Information shown section start
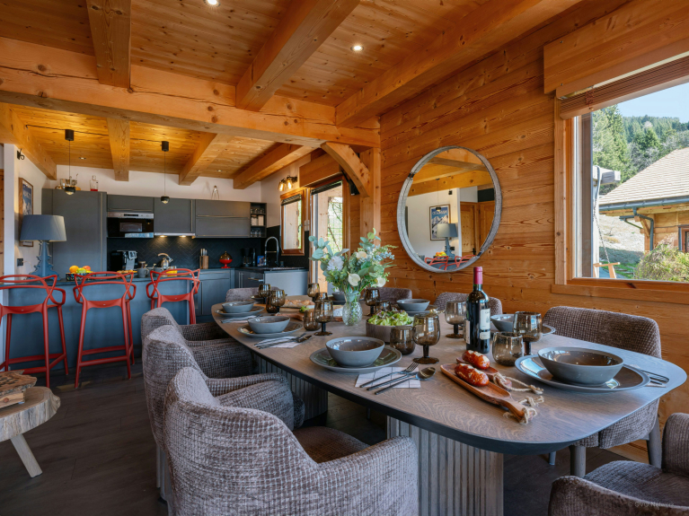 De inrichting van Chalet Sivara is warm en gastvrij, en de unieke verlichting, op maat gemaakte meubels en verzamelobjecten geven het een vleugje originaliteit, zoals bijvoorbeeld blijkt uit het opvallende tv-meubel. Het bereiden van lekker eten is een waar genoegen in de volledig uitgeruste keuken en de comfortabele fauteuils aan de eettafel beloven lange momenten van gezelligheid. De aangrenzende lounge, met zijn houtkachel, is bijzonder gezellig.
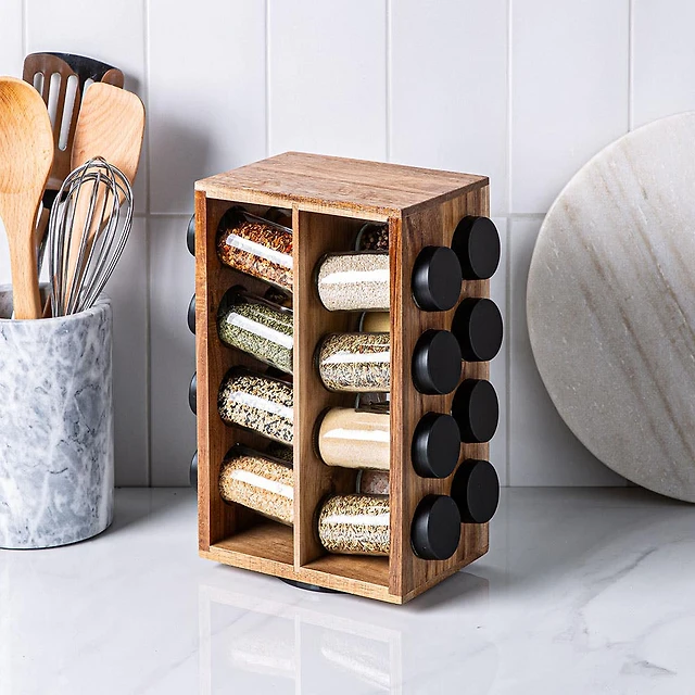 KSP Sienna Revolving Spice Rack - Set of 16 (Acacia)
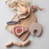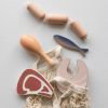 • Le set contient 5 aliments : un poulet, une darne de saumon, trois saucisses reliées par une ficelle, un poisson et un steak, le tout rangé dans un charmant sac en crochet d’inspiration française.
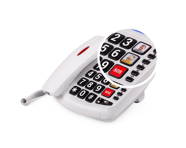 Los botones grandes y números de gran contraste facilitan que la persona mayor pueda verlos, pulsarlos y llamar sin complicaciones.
Information shown section end
Information shown section start
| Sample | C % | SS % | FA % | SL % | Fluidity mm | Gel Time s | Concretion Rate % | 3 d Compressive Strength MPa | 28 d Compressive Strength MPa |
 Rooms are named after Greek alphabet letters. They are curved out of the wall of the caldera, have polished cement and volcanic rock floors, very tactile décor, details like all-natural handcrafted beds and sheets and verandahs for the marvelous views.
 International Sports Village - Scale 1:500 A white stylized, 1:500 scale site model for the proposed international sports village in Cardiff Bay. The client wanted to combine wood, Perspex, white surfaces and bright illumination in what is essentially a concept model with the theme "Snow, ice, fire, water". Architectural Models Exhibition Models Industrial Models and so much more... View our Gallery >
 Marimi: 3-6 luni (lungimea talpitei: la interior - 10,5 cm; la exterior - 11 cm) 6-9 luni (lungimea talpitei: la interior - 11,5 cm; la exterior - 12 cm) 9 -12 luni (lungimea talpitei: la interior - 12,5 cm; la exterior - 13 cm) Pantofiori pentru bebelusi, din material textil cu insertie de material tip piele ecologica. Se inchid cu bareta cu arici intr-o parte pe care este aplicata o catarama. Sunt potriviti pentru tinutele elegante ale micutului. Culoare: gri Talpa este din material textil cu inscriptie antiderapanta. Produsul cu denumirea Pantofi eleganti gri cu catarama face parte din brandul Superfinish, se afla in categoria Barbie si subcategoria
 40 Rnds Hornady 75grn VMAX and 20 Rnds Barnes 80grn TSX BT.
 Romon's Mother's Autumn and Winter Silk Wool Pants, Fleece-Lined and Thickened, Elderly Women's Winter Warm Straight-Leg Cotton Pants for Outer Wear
Information shown section end
Information shown section start
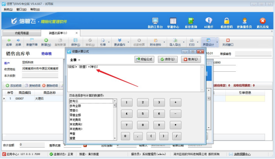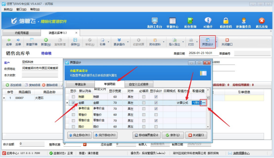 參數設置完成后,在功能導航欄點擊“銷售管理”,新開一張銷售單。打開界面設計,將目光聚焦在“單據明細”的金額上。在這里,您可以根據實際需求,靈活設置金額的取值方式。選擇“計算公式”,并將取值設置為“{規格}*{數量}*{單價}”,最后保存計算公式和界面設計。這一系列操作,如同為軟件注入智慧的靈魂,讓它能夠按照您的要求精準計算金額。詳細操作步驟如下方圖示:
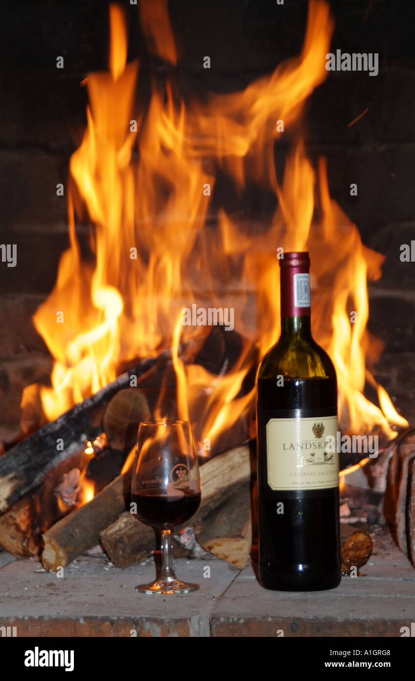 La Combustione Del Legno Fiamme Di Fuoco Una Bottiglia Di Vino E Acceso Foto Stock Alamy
Information shown section end
* _Problem to work on_:
Lines from the one above containing "crochet d’inspiration française." down to the one containing "Los botones grandes" should be transcribed exactly, with both ends kept and no pictures.

* _Solution for this exercise_:
 • Le set contient 5 aliments : un poulet, une darne de saumon, trois saucisses reliées par une ficelle, un poisson et un steak, le tout rangé dans un charmant sac en crochet d’inspiration française.
 Los botones grandes y números de gran contraste facilitan que la persona mayor pueda verlos, pulsarlos y llamar sin complicaciones.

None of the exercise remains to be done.